My ignorant guess is something like ffmpeg is causing the trouble as its a very external tool to this code, and saving checkpoint files should be trivial for Tensorflow despite the system. You could try commenting out the gif generation code if that is the case. I had trouble getting a working ffmpeg installation on my system the first time I ran the code as some versions threw errors(Ubuntu 14.04). But I was able to get it working once the issue was identified.
from deeprl-agents.
Hi Ibrahim,
Did you encounter an error in the worker_0 process? Otherwise it should certainly be plotting.
from deeprl-agents.
I have added the sleep
as follows:
worker_threads = []
for worker in workers:
worker_work = lambda: worker.work(max_episode_length,gamma,sess,coord,saver)
t = threading.Thread(target=(worker_work))
t.start()
worker_threads.append(t)
sleep(0.5) # here is it
coord.join(worker_threads)
worker_0 is in orange color
- However, worker_0 seems to stop very early
- Moreover, model and frames are not saved (the code for them is based on worker_0)

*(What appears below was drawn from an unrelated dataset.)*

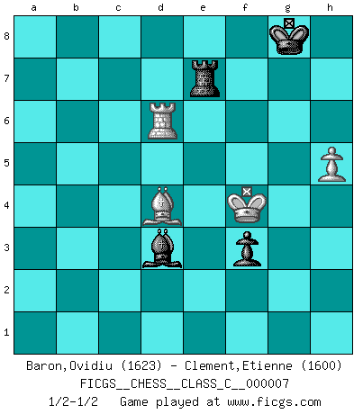 Last move : 1/2-1/2 2006 September 23 16:59:56 [Event "FICGS__CHESS__CLASS_C__000007"] [Site "FICGS"] [Date "2006.06.21"] [Round "1"] [White "Baron,Ovidiu"] [Black "Clement,Etienne"] [Result "1/2-1/2"] [WhiteElo "1623"] [BlackElo "1600"] 1.Nf3 g6 2.d4 Bg7 3.c4 c5 4.e3 Nf6 5.Nc3 O-O 6.dxc5 Na6 7.Be2 Nxc5 8.O-O d6 9.Nd4 Qb6 10.b3 Rd8 11.Bb2 e5 12.Nf3 Bf5 13.Ng5 h6 14.Nf3 a5 15.Ba3 Nce4 16.Na4 Qa7 17.Qe1 b6 18.Rd1 Qc7 19.Bb2 Rac8 20.Rc1 Nc5 21.Nxc5 bxc5 22.Nh4 Bd7 23.f4 a4 24.Bc3 Re8 25.fxe5 dxe5 26.Bd3 axb3 27.axb3 Bc6 28.Ba5 Qa7 29.Ra1 Qd7 30.Be2 Rb8 31.b4 cxb4 32.Bxb4 Ne4 33.Rd1 Qa7 34.Bf3 Qa4 35.Bxe4 Bxe4 36.Bd6 Rb2 37.c5 g5 38.Nf3 g4 39.Nd2 Bd3 40.Rf2 Ra2 41.Rc1 Ra8 42.Nb1 Rxf2 43.Kxf2 e4 44.Nc3 Qb3 45.Kg1 h5 46.Nd1 Bb5 47.Bg3 Bc6 48.Bd6 Ra2 49.h3 gxh3 50.gxh3 Qd3 51.Qg3 f6 52.Nf2 Qe2 53.Rb1 Kf7 54.h4 Qd2 55.Rb6 Bd5 56.Qf4 Qe1 57.Kg2 Qd1 58.Qf5 Ba8 59.Bg3 Qf3 60.Qxf3 exf3 61.Kg1 Rc2 62.Ra6 Bd5 63.e4 Be6 64.Ra7+ Kg6 65.Ra6 Bc8 66.Rc6 Bd7 67.Rc7 Bb5 68.Bf4 Bf8 69.Be3 Re2 70.Bf4 Ba4 71.Rc8 Kf7 72.Rc7+ Ke6 73.Rc8 Be7 74.c6 f5 75.c7 Bd7 76.Re8 Rc2 77.exf5+ Kf7 78.Rh8 Bxf5 79.Rxh5 Kg6 80.Rh6+ Kg7 81.Rh5 Bc8 82.Bg3 Bc5 83.Rg5+ Kh6 84.Rd5 Kg6 85.h5+ Kh7 86.Rd8 Bb7 87.Bh4 Kh6 88.Rh8+ Kg7 89.Rb8 Bxf2 90.Bxf2 Rxc7 91.Be3 Rf7 92.Kf2 Be4 93.Rb6 Rc7 94.Kg3 Kh7 95.Rh6+ Kg8 96.Rd6 Rg7 97.Kf4 Re7 98.Bd4 Bd3 1/2-1/2 Reti Opening Kingside Castling by player Black (move 5) Kingside Castling by player White (move 8) 10 pieces endgame at move 89 : White KRBPP , Black KRBBP WHITE : King + 1 Rook 1 Bishop 2 Pawns BLACK : King + 1 Rook 2 Bishops 1 Pawn 9 pieces endgame at move 90 : White KRBPP , Black KRBP WHITE : King + 1 Rook 1 Bishop 2 Pawns BLACK : King + 1 Rook 1 Bishop 1 Pawn 8 pieces endgame at move 90 : White KRBP , Black KRBP WHITE : King + 1 Rook 1 Bishop 1 Pawn BLACK : King + 1 Rook 1 Bishop 1 Pawn This chess game ended in a draw. Follow this game move after move (download)Chess is not like life... it has rules ! (Mark Pasternak) Wenn Capablanka heute auf der Schachbühne erscheinen würde, hätte er ein halbes Jahr gebraucht um sich die Schachtheorie anzueignen. Und dann hätte er alles und jeden besiegt. (Mikhail Moiseyevich Botvinik) No puedes jugar al Ajedrez si eres de corazón noble. (Proverbio Francés) Un footballeur joue avec ses pieds, parfois avec sa tête. Un joueur d'échecs ne joue qu'avec sa tête. Et quand il ne joue plus, il meurt. (Jacob Murray) A person who never made a mistake never tried anything new. (Albert Einstein)

Then I used worker_1 instead of worker_0 for saving model and frames, but then worker_1 stopped
I tried sleep
in the code that is responsible for saving model and frames ... but the same problem.
Regards
from deeprl-agents.
Possible cause:
After removing model and gif saving code, things worked fine!
Removed code:
if self.name == 'worker_1' and episode_count % 25 == 0:
time_per_step = 0.05
images = np.array(episode_frames)
make_gif(images,'./frames/image'+str(episode_count)+'.gif',
duration=len(images)*time_per_step,true_image=True,salience=False)

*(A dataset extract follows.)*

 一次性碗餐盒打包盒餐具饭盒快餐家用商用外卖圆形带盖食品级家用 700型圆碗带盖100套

if episode_count % 250 == 0 and self.name == 'worker_1':
saver.save(sess,self.model_path+'/model-'+str(episode_count)+'.cptk')
print ("Saved Model")
Figure: (all threads are there) I think I have some error in saving!
Any clue?
Regards
from deeprl-agents.
Thanks DMTSource
I can save the model but not the frames!
any other way to save gifs or video?
from deeprl-agents.
Hi Ibrahim,
Are you sure that you have both moviepy and ffmpeg installed? You will also need to ensure the version of imageio you have is 1.6.
from deeprl-agents.
Hi Arthur
imageio
print imageio.--version--
2.1.2
ffmpeg -version
ffmpeg version N-80901-gfebc862 Copyright (c) 2000-2016 the FFmpeg developers
built with gcc 4.8 (Ubuntu 4.8.4-2ubuntu1~14.04.3)
configuration: --extra-libs=-ldl --prefix=/opt/ffmpeg --mandir=/usr/share/man --enable-avresample --disable-debug --enable-nonfree --enable-gpl --enable-version3 --enable-libopencore-amrnb --enable-libopencore-amrwb --disable-decoder=amrnb --disable-decoder=amrwb --enable-libpulse --enable-libfreetype --enable-gnutls --enable-libx264 --enable-libx265 --enable-libfdk-aac --enable-libvorbis --enable-libmp3lame --enable-libopus --enable-libvpx --enable-libspeex --enable-libass --enable-avisynth --enable-libsoxr --enable-libxvid --enable-libvidstab
libavutil 55. 28.100 / 55. 28.100
libavcodec 57. 48.101 / 57. 48.101
libavformat 57. 41.100 / 57. 41.100
libavdevice 57. 0.102 / 57. 0.102
libavfilter 6. 47.100 / 6. 47.100
libavresample 3. 0. 0 / 3. 0. 0
libswscale 4. 1.100 / 4. 1.100
libswresample 2. 1.100 / 2. 1.100
libpostproc 54. 0.100 / 54. 0.100
from deeprl-agents.
I believe you will need imageio 1.6, and not 2.1 in order for the gif generation to work. Unfortunately they changed the encoder in 2.1 and broke the gif code I used. If you have a fix that works with 2.1, I would be happy to incorporate it.
from deeprl-agents.
Related Issues (20)
- _ HOT 1
- simple and odd python problem HOT 2
- Double-Dueling-DQN: question about the rate to update target network
- Double-Dueling-DQN stops learning
- Can't see the source code. HOT 2
- checkGoal() in gridworld.py
- apply_gradients need a lock?
- A3C-Doom, is threading can make real parallelism?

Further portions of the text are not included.